Secretariat coordinator Balananda Sharma said the number of combatants participating in the regrouping process would go up to 17,000 by the time the process concludes.  The committee is planning to conduct the regrouping process of the disabled and ill combatants, who were absent in the recent survey, on Wednesday and Thursday. Surveyors will visit hospitals in Kathmandu where the combatants are undergoing treatment. It is learnt that one blind combatant and a pregnant combatant are now undergoing treatment at Janamaitri Hospital and Bir Hospital respectively.
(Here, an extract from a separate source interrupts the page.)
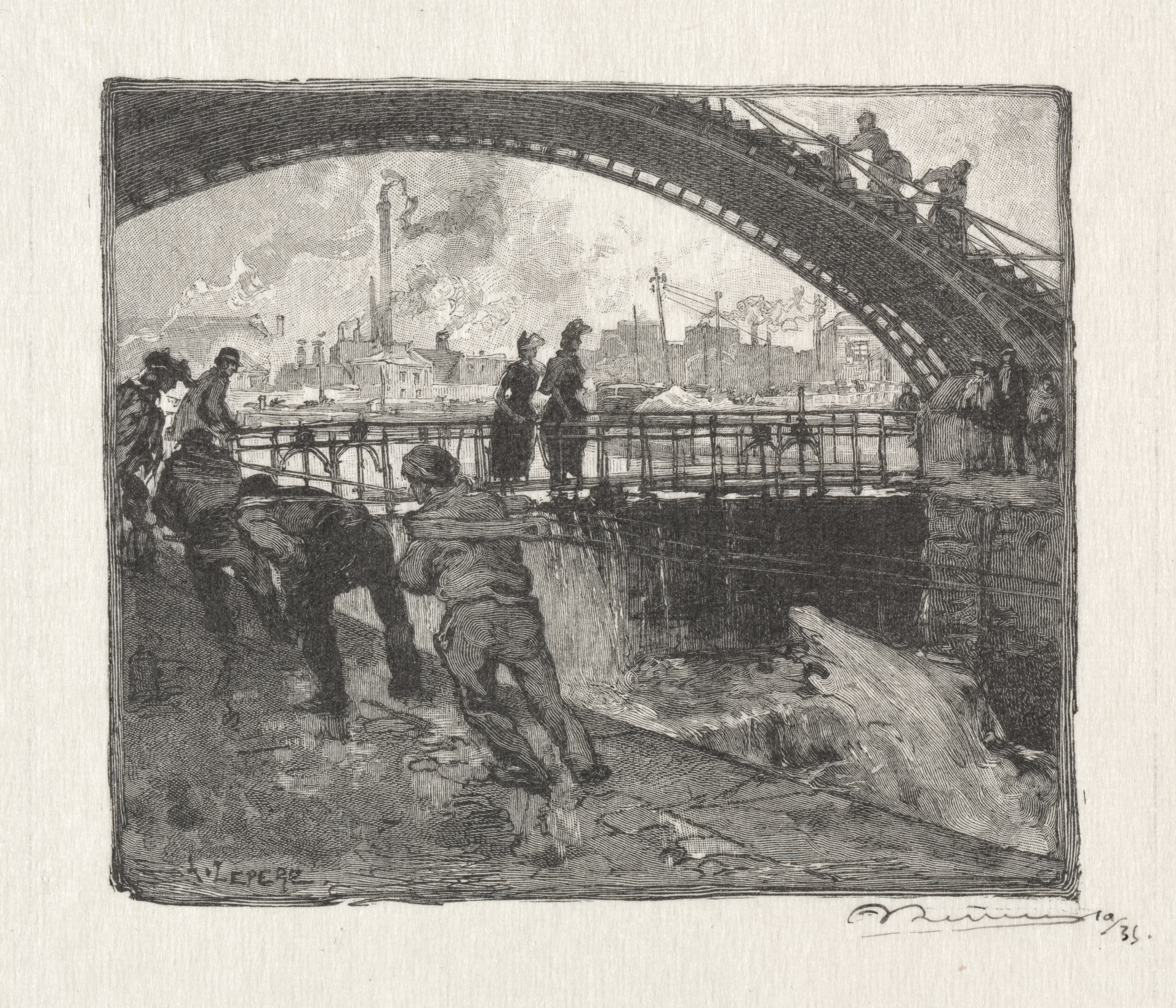 Black and white drawing of a bridge over a canal. A man is leaning over a low wall on the near side of the bridge. Two men are on either side of him on the near side of the bridge. Three people are on the far side of the bridge near the arch; one of them sitting. There are two people on the right side of the bridge on the near side of the arch. The background shows a cityscape with buildings, smokestacks, and smoke. The drawing depicts a scene near a canal lock.

Meanwhile, the Secretariat has said that the government should take a formal decision on setting up a new directorate in the Nepal Army in order to take forward the integration process. The Army regulation has to be amended and a new organogram regarding the non-combat directorate should be approved by the Cabinet. In Sunday’s meeting, Prime Minister Babu Ram Bhattarai said the government will soon move a proposal on amending the military regulation and will take a decision on expanding the organisational structure of the Army.